__Extracted data__.
━━━━━━━━━━━━━━━━━━━━━━━━━━━━━━
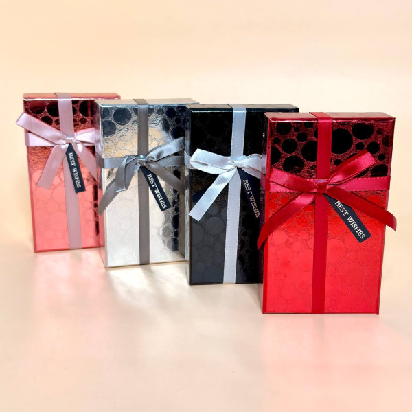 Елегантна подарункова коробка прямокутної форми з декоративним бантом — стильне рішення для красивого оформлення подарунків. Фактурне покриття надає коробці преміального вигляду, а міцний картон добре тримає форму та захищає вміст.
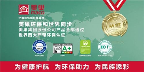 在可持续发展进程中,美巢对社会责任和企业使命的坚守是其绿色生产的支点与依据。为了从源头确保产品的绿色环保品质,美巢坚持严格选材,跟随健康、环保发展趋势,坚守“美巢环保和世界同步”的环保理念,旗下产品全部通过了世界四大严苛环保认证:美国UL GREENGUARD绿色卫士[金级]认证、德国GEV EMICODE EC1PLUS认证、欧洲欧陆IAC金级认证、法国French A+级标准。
━━━━━━━━━━━━━━━━━━━━━━━━━━━━━━
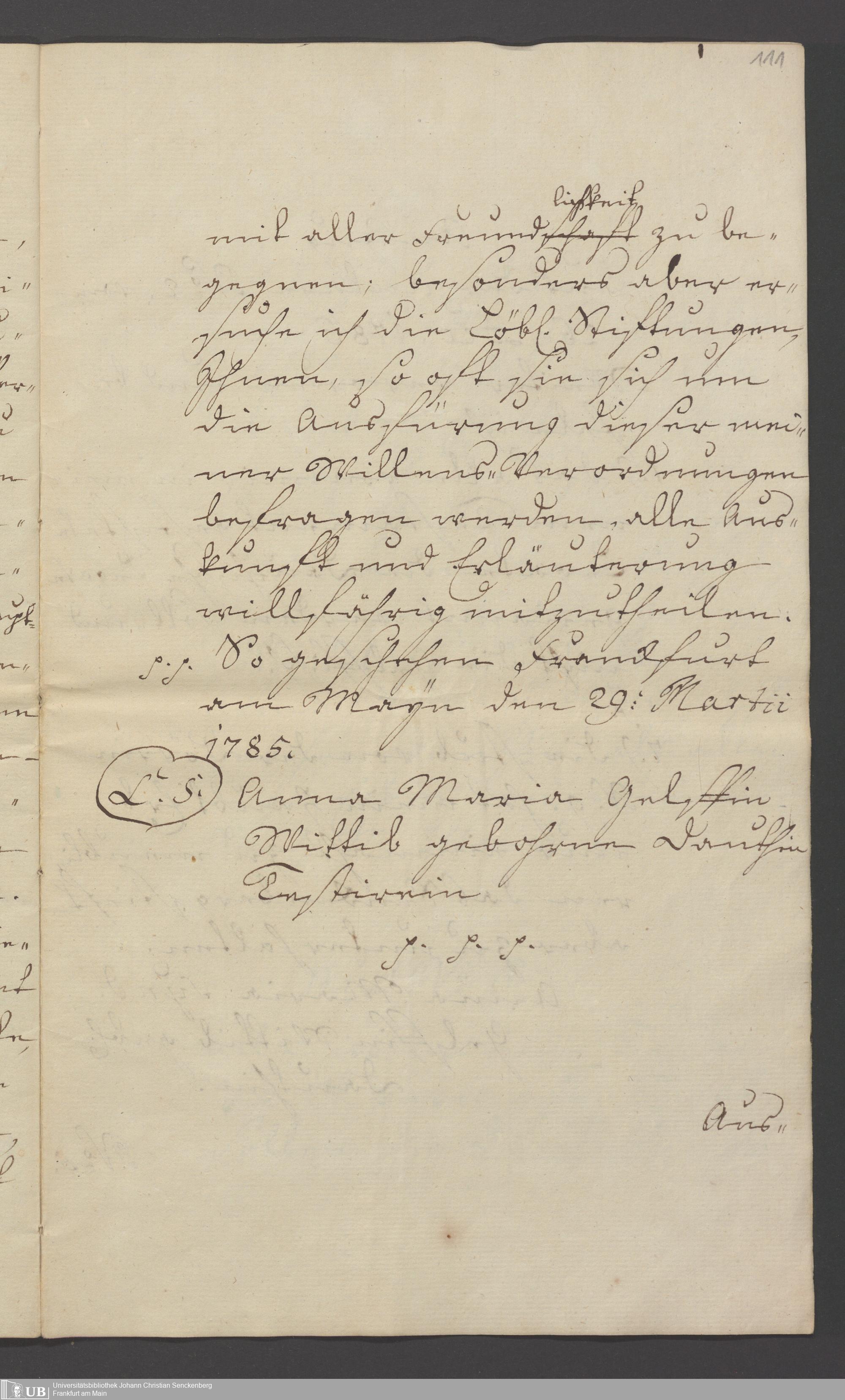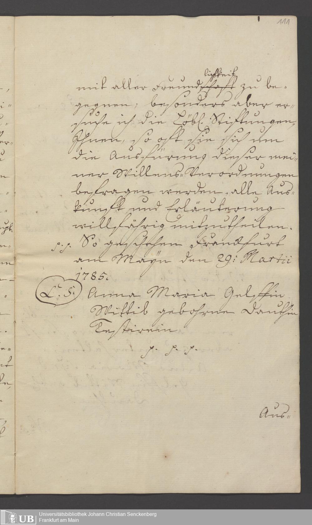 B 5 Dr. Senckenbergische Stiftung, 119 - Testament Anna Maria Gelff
━━━━━━━━━━━━━━━━━━━━━━━━━━━━━━
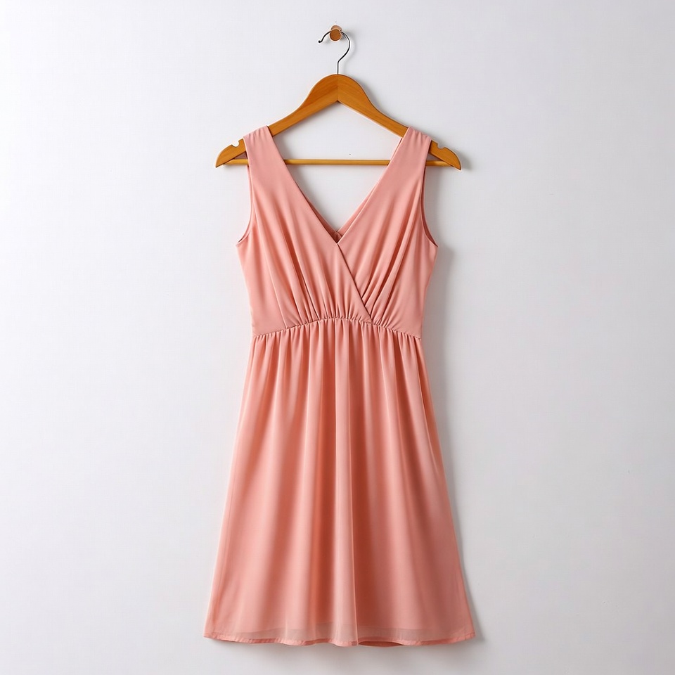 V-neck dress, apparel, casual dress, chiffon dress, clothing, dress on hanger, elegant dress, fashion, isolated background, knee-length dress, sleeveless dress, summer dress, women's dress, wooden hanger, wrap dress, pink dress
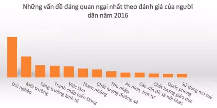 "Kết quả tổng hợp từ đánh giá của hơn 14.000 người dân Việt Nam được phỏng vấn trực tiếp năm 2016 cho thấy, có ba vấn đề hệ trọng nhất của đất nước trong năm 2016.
━━━━━━━━━━━━━━━━━━━━━━━━━━━━━━
__Work task__.
Beginning with the line holding "Елегантна подарункова коробка" in the material above, restate word for word each line through the line holding "EMICODE EC1PLUS认证、欧洲欧陆IAC金级认证、法国French A+级标准。", and exclude pictures.

__Expected answer__.
 Елегантна подарункова коробка прямокутної форми з декоративним бантом — стильне рішення для красивого оформлення подарунків. Фактурне покриття надає коробці преміального вигляду, а міцний картон добре тримає форму та захищає вміст.
 在可持续发展进程中,美巢对社会责任和企业使命的坚守是其绿色生产的支点与依据。为了从源头确保产品的绿色环保品质,美巢坚持严格选材,跟随健康、环保发展趋势,坚守“美巢环保和世界同步”的环保理念,旗下产品全部通过了世界四大严苛环保认证:美国UL GREENGUARD绿色卫士[金级]认证、德国GEV EMICODE EC1PLUS认证、欧洲欧陆IAC金级认证、法国French A+级标准。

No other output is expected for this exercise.